### Available data:
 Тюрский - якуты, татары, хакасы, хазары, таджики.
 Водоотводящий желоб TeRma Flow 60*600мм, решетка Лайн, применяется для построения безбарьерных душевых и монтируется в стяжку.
...
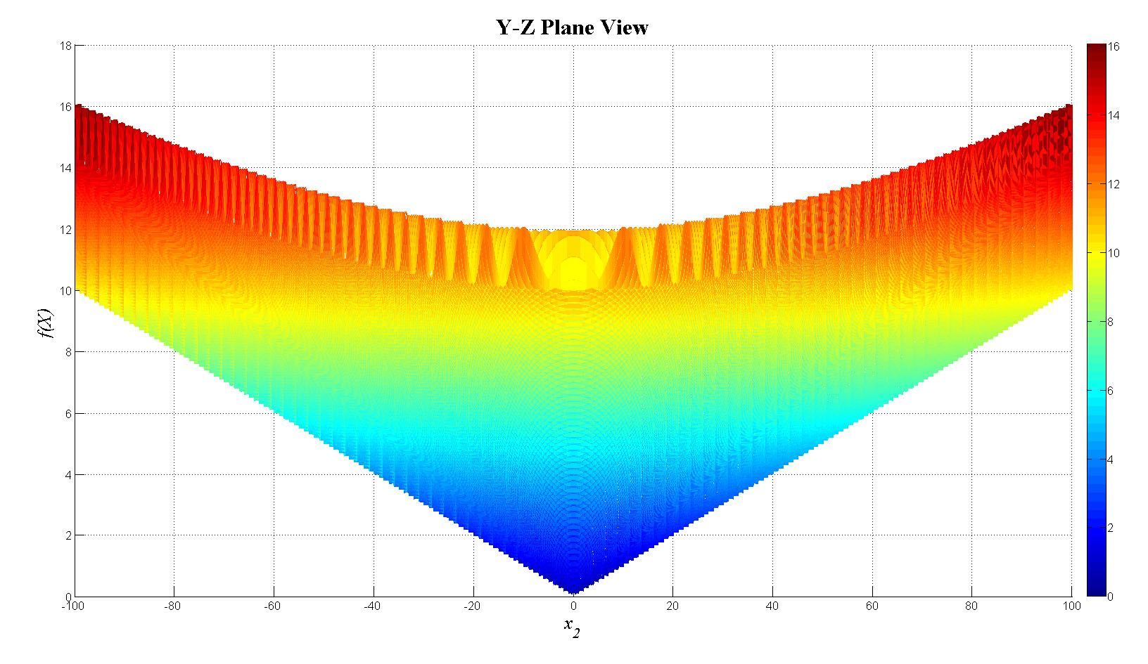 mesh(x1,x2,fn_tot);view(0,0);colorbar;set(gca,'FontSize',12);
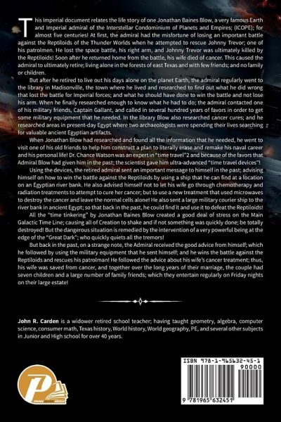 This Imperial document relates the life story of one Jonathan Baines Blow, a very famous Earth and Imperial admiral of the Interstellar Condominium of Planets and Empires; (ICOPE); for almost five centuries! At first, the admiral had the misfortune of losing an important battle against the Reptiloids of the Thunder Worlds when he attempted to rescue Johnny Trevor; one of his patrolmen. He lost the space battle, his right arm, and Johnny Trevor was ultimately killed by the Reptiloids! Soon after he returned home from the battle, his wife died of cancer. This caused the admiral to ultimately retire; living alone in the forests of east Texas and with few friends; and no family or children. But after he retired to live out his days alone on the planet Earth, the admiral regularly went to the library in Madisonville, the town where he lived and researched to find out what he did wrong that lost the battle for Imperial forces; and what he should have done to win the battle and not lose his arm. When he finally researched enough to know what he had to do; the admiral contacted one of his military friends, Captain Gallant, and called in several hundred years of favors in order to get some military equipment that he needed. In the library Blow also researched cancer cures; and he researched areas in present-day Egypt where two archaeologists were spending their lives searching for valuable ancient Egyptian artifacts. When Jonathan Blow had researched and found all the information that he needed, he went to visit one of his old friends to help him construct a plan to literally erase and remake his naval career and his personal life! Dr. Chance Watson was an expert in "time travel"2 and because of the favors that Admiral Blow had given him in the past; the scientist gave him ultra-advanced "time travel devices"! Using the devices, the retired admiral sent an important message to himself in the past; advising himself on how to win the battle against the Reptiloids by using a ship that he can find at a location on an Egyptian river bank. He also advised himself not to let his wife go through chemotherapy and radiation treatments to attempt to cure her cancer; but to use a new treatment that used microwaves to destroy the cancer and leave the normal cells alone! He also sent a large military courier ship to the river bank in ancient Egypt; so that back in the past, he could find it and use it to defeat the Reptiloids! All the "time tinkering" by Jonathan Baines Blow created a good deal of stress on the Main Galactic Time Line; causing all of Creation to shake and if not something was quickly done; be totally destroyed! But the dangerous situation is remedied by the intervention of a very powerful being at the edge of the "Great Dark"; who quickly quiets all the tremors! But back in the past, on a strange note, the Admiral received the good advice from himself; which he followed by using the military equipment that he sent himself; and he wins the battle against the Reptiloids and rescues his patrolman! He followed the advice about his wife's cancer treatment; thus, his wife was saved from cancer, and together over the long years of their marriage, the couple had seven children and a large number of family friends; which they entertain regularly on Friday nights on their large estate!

### What you are asked to do:
From the records above, reproduce exactly the lines from the one with "Тюрский - якуты, татары, хакасы, хазары, таджики." to the one with "Водоотводящий желоб TeRma", both included, and no others.

### Answer to this exercise:
 Тюрский - якуты, татары, хакасы, хазары, таджики.
 Водоотводящий желоб TeRma Flow 60*600мм, решетка Лайн, применяется для построения безбарьерных душевых и монтируется в стяжку.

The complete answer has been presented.